-------- DATA PROVIDED --------

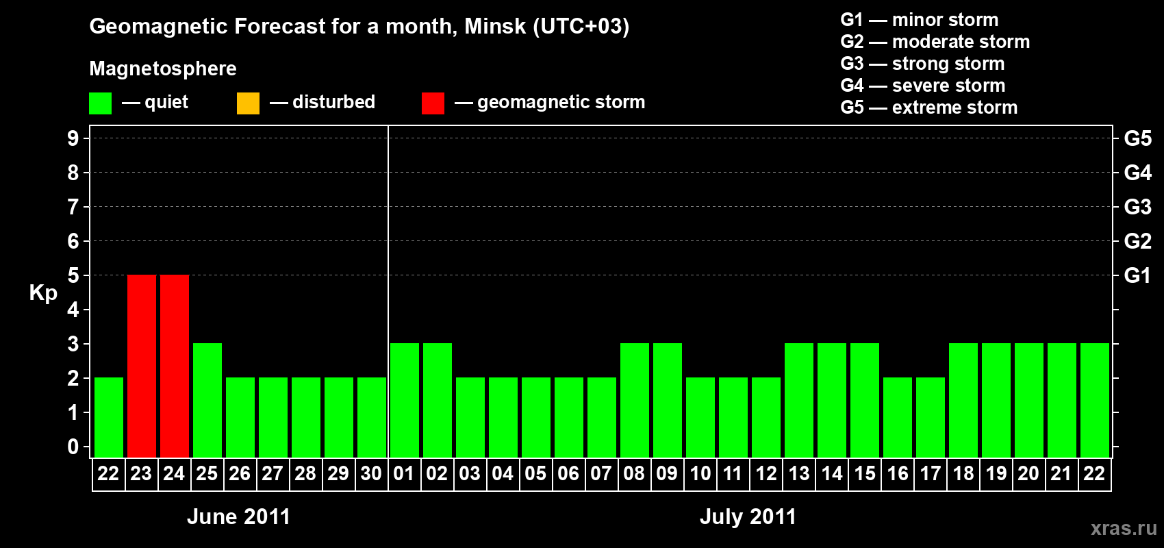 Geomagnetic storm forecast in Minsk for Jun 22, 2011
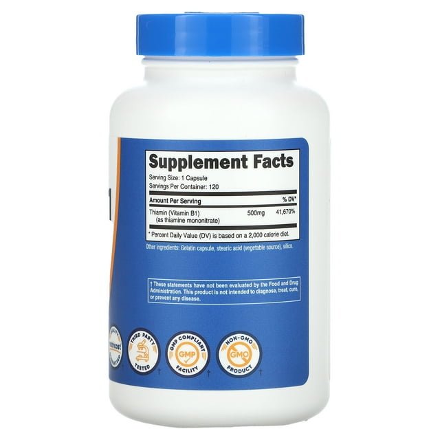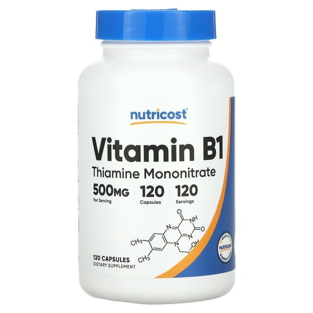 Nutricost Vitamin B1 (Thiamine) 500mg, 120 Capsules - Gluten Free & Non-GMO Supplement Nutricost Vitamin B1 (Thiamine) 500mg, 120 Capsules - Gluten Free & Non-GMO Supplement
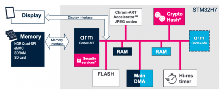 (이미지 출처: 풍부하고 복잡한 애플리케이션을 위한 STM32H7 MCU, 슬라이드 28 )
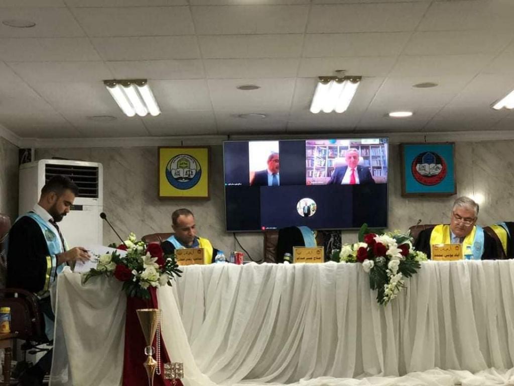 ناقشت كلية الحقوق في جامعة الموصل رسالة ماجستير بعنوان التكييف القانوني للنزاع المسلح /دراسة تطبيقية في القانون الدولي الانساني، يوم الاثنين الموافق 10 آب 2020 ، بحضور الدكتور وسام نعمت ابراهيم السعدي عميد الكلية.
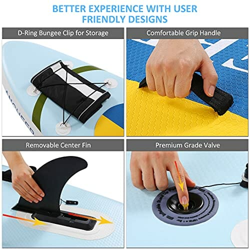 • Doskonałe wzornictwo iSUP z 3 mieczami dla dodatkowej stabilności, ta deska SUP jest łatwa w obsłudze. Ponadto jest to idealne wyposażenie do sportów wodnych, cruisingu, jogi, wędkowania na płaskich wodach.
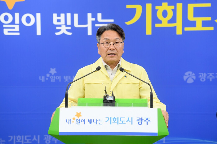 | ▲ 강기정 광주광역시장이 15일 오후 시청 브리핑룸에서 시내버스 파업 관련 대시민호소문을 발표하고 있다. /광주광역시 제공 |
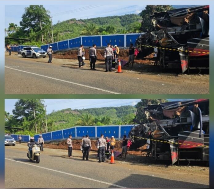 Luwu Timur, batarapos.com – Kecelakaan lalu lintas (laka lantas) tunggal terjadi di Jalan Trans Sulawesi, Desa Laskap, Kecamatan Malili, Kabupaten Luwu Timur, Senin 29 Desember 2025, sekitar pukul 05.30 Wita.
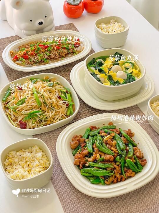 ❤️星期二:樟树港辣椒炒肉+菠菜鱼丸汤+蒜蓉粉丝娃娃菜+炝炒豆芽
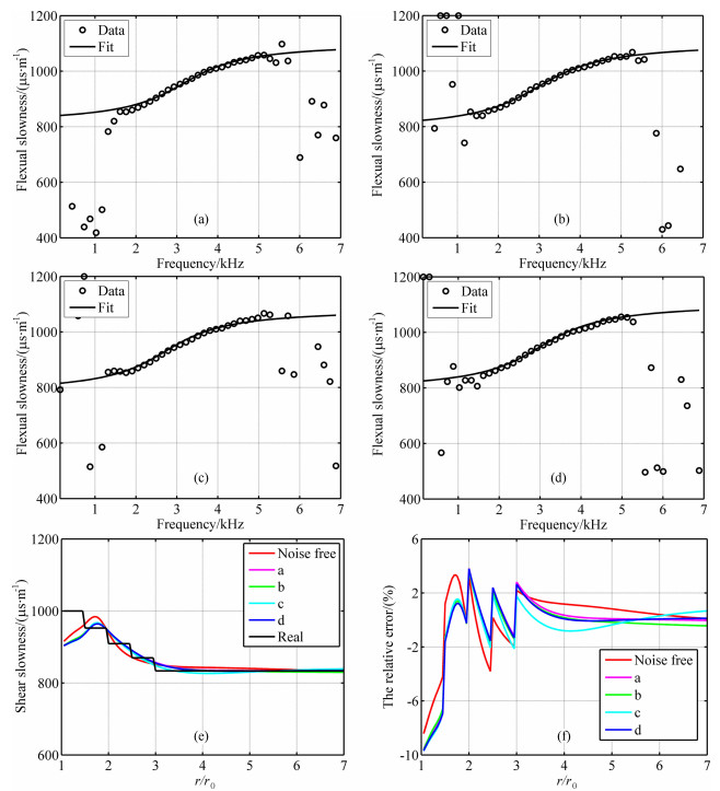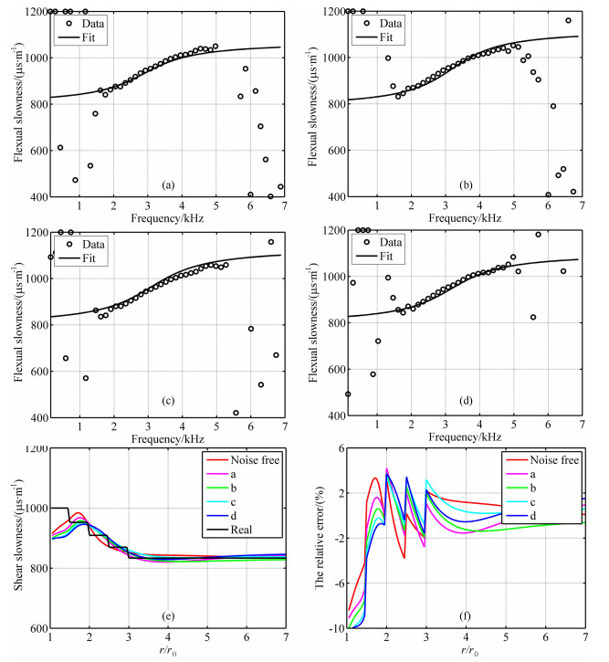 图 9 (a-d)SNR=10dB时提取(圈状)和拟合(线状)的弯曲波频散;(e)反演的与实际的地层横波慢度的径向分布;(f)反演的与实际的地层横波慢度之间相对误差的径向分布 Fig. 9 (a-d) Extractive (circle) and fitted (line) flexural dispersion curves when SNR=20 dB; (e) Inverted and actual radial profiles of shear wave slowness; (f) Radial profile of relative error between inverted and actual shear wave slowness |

--------

### [EXERCISE PROMPT]
A verbatim copy of the records is needed, with all images omitted.

### [RESPONSE BOX]
 Geomagnetic storm forecast in Minsk for Jun 22, 2011
 Nutricost Vitamin B1 (Thiamine) 500mg, 120 Capsules - Gluten Free & Non-GMO Supplement Nutricost Vitamin B1 (Thiamine) 500mg, 120 Capsules - Gluten Free & Non-GMO Supplement
 (이미지 출처: 풍부하고 복잡한 애플리케이션을 위한 STM32H7 MCU, 슬라이드 28 )
 ناقشت كلية الحقوق في جامعة الموصل رسالة ماجستير بعنوان التكييف القانوني للنزاع المسلح /دراسة تطبيقية في القانون الدولي الانساني، يوم الاثنين الموافق 10 آب 2020 ، بحضور الدكتور وسام نعمت ابراهيم السعدي عميد الكلية.
 • Doskonałe wzornictwo iSUP z 3 mieczami dla dodatkowej stabilności, ta deska SUP jest łatwa w obsłudze. Ponadto jest to idealne wyposażenie do sportów wodnych, cruisingu, jogi, wędkowania na płaskich wodach.
 | ▲ 강기정 광주광역시장이 15일 오후 시청 브리핑룸에서 시내버스 파업 관련 대시민호소문을 발표하고 있다. /광주광역시 제공 |
 Luwu Timur, batarapos.com – Kecelakaan lalu lintas (laka lantas) tunggal terjadi di Jalan Trans Sulawesi, Desa Laskap, Kecamatan Malili, Kabupaten Luwu Timur, Senin 29 Desember 2025, sekitar pukul 05.30 Wita.
 ❤️星期二:樟树港辣椒炒肉+菠菜鱼丸汤+蒜蓉粉丝娃娃菜+炝炒豆芽
 图 9 (a-d)SNR=10dB时提取(圈状)和拟合(线状)的弯曲波频散;(e)反演的与实际的地层横波慢度的径向分布;(f)反演的与实际的地层横波慢度之间相对误差的径向分布 Fig. 9 (a-d) Extractive (circle) and fitted (line) flexural dispersion curves when SNR=20 dB; (e) Inverted and actual radial profiles of shear wave slowness; (f) Radial profile of relative error between inverted and actual shear wave slowness |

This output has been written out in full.